At Gap – which has seen its shares fall nearly 50% this year – executives have defended their capital spending cuts, saying they must defend earnings this year and hope to rebound in 2023.

“We also believe there is an opportunity to more significantly slow the pace of our technology and digital platform investments to better optimize our operating profits,” said Chief Financial Officer Katrina O’Connell. to analysts after its latest results.
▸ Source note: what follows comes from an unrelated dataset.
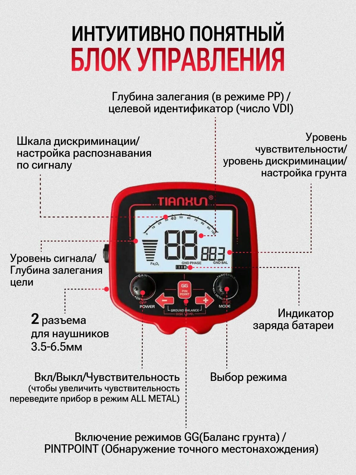 Металлоискатель Tianxun TX-850z является уникальным среди кладоискателей металлодетектором, благодаря сочетанию высокой чувствительности к маленьким целям и универсальности. Блок управления имеет сложную систему балансировки грунта, раздельный контроль усиления и порога сигнала, и уникальную систему контроля дискриминации.

And Lowe’s deflected an analyst’s question about spending cuts, saying it could continue to take market share from smaller rivals. Lowe’s has been the better stock market relative to Home Depot over the past year and year-to-date periods, although both saw significant declines in 2022.

“Home improvement is a $900 billion market,” Lowe CEO Marvin Ellison said, without mentioning Home Depot. “And I think it’s easy to just focus on the two biggest players and determine overall market share gain based on that alone, but it’s a really fragmented market.”